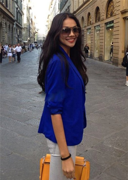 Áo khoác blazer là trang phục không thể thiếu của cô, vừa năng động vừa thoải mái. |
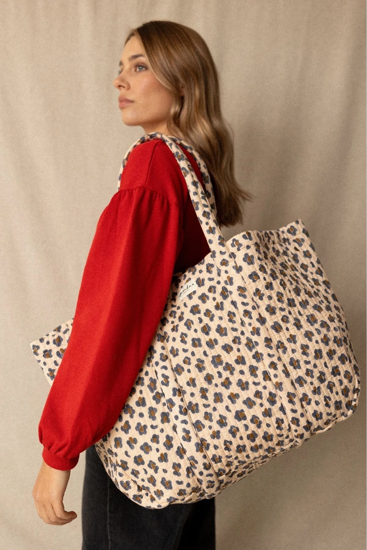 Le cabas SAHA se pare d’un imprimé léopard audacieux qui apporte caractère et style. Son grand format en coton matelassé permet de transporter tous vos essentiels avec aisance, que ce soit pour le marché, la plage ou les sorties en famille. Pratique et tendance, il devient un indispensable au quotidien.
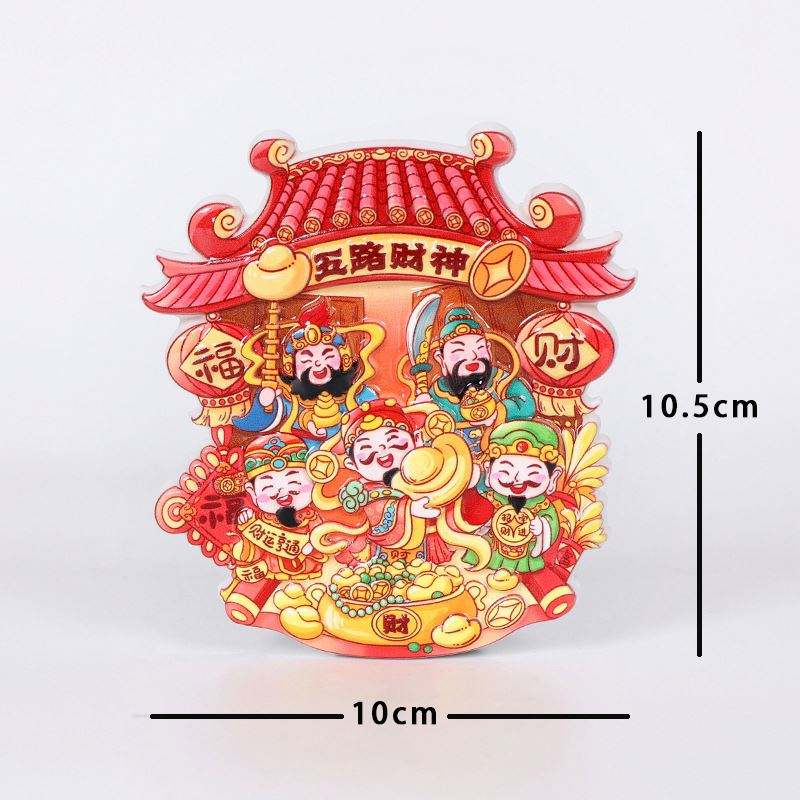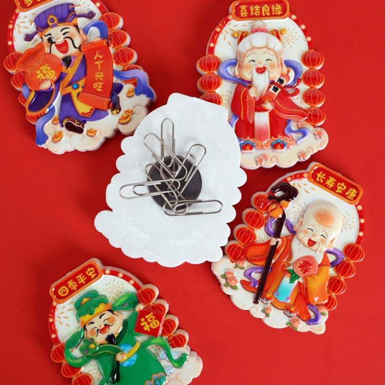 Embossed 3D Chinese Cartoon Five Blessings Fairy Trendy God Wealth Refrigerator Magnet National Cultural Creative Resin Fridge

------------

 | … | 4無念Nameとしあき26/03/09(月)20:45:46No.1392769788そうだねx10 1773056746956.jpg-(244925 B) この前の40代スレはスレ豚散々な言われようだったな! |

------------

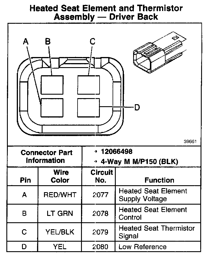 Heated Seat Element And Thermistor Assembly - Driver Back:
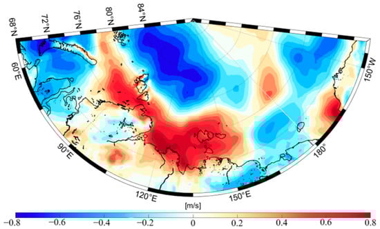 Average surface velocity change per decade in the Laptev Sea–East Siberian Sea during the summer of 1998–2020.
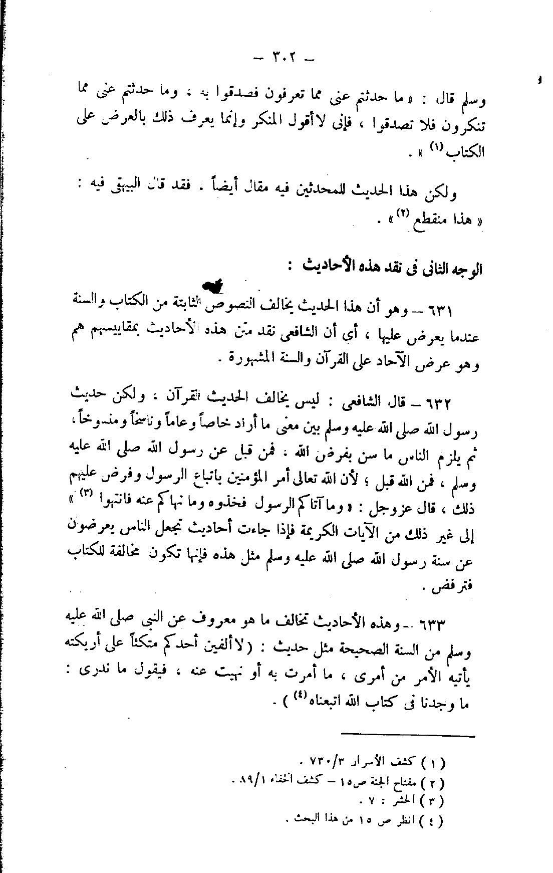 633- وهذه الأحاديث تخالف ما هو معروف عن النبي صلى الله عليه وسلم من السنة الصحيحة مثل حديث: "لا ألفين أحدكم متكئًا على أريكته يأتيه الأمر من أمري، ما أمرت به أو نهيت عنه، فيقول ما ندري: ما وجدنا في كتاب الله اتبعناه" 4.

------------

What should come back is an exact copy of the lines above from the line with "Áo khoác blazer" to the line with "Embossed 3D Chinese", both included, minus the pictures.

Answer to this exercise:
 Áo khoác blazer là trang phục không thể thiếu của cô, vừa năng động vừa thoải mái. |
 Le cabas SAHA se pare d’un imprimé léopard audacieux qui apporte caractère et style. Son grand format en coton matelassé permet de transporter tous vos essentiels avec aisance, que ce soit pour le marché, la plage ou les sorties en famille. Pratique et tendance, il devient un indispensable au quotidien.
 Embossed 3D Chinese Cartoon Five Blessings Fairy Trendy God Wealth Refrigerator Magnet National Cultural Creative Resin Fridge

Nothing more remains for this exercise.